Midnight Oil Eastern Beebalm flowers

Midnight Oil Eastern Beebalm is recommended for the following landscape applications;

+ + + + + + +

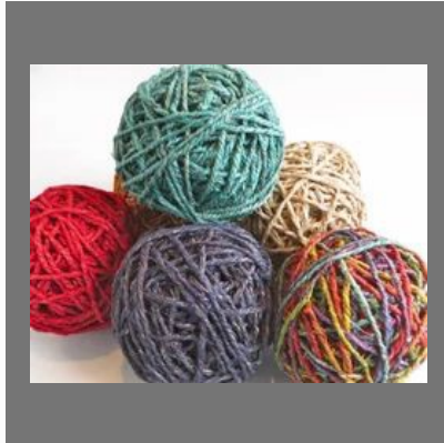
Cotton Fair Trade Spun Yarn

+ + + + + + +

**Try it**
From the line that has "Midnight Oil Eastern Beebalm flowers" through the line that has "Midnight Oil Eastern Beebalm is", copy every line exactly as it appears above, and leave out all others.

**Result of this task**
Midnight Oil Eastern Beebalm flowers

Midnight Oil Eastern Beebalm is recommended for the following landscape applications;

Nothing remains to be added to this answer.